完全無料のグループウェア4選|評判・機能を徹底調査!

0円を指差す人

更新日:2019年01月22日 | 公開日:2019年01月22日

社員同士のコミュニケーション改善や業務フローの整備など、さまざまなシーンで効果を発揮するグループウェア。ただ、業務効率がアップして結果的に収益性が高まることはあっても、グループウェアそのもので直接売り上げを生み出すことはできません。そうした点から「できるだけコストを抑えたい」「できれば無料で導入したい」というのは、多くの企業に共通する想いではないでしょうか。

今回のテーマは、完全無料のグループウェアです。いずれも無料で使え、機能や使い勝手にも定評がある4つのグループウェアを紹介します。予算の限られる中小企業や初めてグループウェアを導入する企業にとっては、いずれも有力候補になるはずです。

1.グループウェアとは?

1.グループウェアとは?

本題に入る前に、グループウェアとはどんなものなのか、あらためて整理しておきましょう。

グループウェアとは、チームで取り組む仕事を手助けするツールです。チャットや社内SNS、スケジューラー、ワークフローといった機能がパッケージ化されており、社員同士がリアルタイムにコミュニケーションをとったり、お互いの予定を確認したり、予算や休暇を申請・承認したり、さまざまな使い方ができます。

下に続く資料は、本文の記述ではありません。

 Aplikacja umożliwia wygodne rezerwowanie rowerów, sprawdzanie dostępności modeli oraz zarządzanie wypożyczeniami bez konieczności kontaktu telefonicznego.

IBMが1996年にリリースした「Lotas Notes 4.0」をきっかけに世界中へ広まり、現在の市場規模はおよそ約1,050億円。うち約85%をサーバーを必要とせずwebブラウザ上で使えるクラウド型が占めています。

1-1.完全無料とは?

完全無料とは、機能や期間の制限がなく無料で使えるということです。

1ヵ月程度の無料トライアル期間や、有料プランへの移行を前提とした限定的な無料版が用意されているグループウェアではなく、基本機能のすべてを実質0円で永続的に利用できるグループウェアのことを指します。

2.完全無料のグループウェアを選ぶ際のポイント

2.完全無料のグループウェアを選ぶ際のポイント

それでは、完全無料のグループウェアを導入する際のポイントを3つ紹介します。

2-1.機能

ハイエンドな有料グループウェアと比べて、機能面で見劣りするのは仕方のない部分ではありますが、せっかく導入するのなら、そのメリットを最大限活かしたいものです。各製品の公式サービスサイトを見比べつつ、何をどこまでできるのかしっかり把握しましょう。

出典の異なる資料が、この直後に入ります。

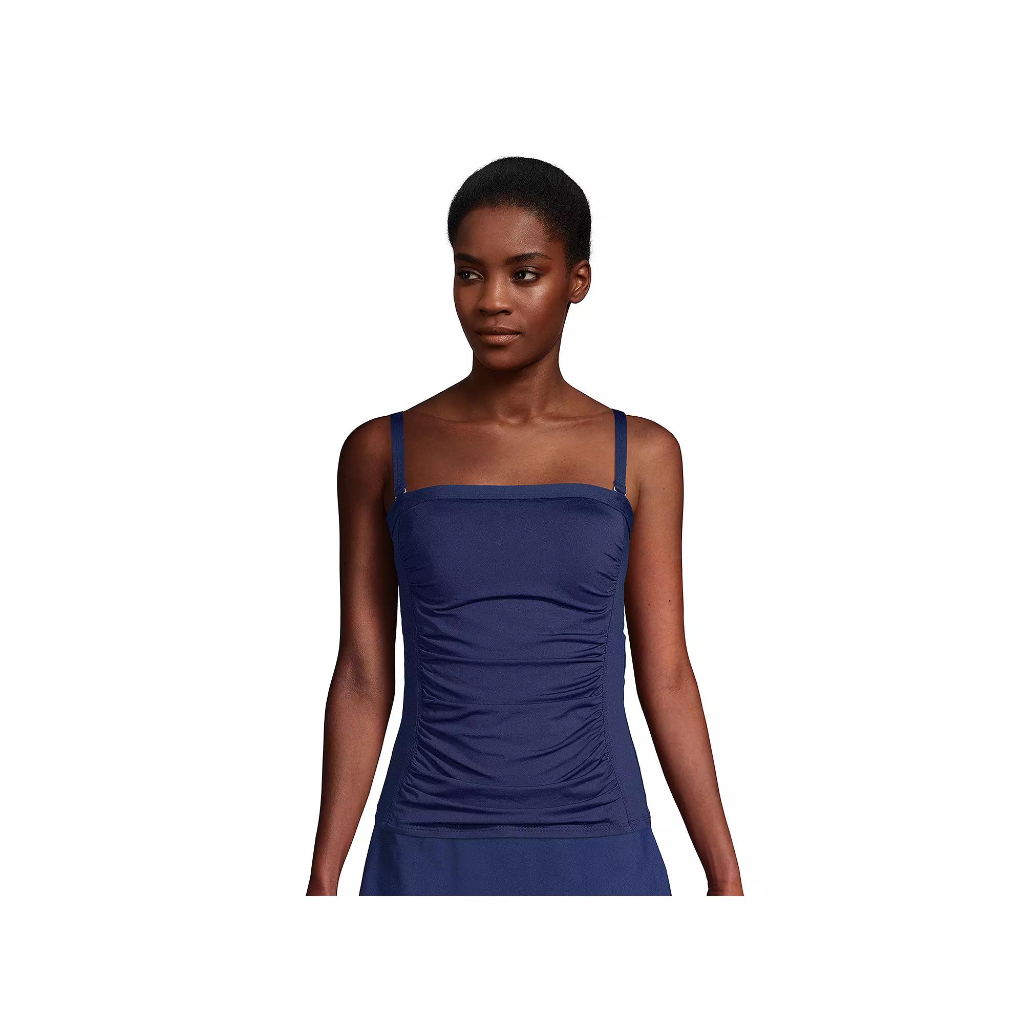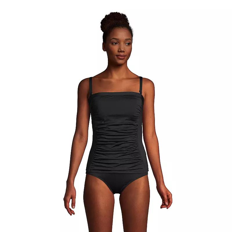You'll love the poolside style of this women's Lands' End tankini top, featuring UPF 50 sun protection and removable straps. Kohl's Lands' End Women's Swim Size Chart - https://www.kohls.com/media/digital/ecom/size-charts/womens/html/Kohls_LandsEnd_Womens_Swim_SizeChart.html. Click on this WOMEN'S GUIDE to find the perfect fit and more! - https://www.kohls.com/feature/womens-fit-guide.jsp. UPF 50 sun protection, Chlorine Resistant design, Bandeau neckliine, Shirred details, Lined. FIT & SIZING: Removable straps, Soft cups, Medium-Impact. FABRIC & CARE: Shell & bra: nylon, spandex, Lining: polyester, spandex, Hand wash, Imported. Size: 10. Color: Black. Gender: female. Age Group: adult. Pattern: Solid. Material: POLY BLEND.

社員同士のコミュニケーションや情報共有に課題を抱えている企業なら、社内SNSやチャット、掲示板機能が付いたグループウェア、一方で人事や経理といったバックオフィス系の業務を効率化したいのなら、タイムカードや経費精算、ワークフローといった機能が搭載されているグループウェアがおすすめです。

2-2.操作性

費用がかからないとはいえ、操作に迷ってしまったり処理が遅れてしまったりして、導入後に生産性がダウンしてしまうようでは本末転倒です。アイコンの配置やレイアウトはわかりやすいか、動作はスムーズ化、PC・システムに苦手意識を持つ人でも使いこなせそうか、事前にしっかり確認しましょう。

営業など外出が多いメンバーの利用が前提の場合、スマートフォンやタブレットでの使い勝手も大切なポイントになります。

2-3.セキュリティ

グループウェアを導入するということは、社員一人ひとりがタッチできる情報が増えるということです。データやノウハウの共有に役立つ一方、情報漏洩のリスクもおのずと高まります。

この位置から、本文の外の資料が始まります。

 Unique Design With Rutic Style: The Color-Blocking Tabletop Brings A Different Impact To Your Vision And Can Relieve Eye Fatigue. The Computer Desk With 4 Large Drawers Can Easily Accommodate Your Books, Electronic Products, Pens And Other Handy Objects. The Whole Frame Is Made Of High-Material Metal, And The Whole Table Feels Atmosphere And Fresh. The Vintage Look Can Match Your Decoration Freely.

不正侵入をブロックできるアクセス制限機能が付いていることを前提に、できればプライバシーマークやISO27001の認証を取得している会社のグループウェアを選びましょう。あわせて、ナショナルクライアントへの導入実績や契約継続率なども判断材料の1つになると思います。

3.完全無料のグループウェア4選

3.完全無料のグループウェア4選

それでは、アイミツがおすすめする完全無料の4つのグループウェアを、それぞれメリットとデメリットに分けて紹介していきます。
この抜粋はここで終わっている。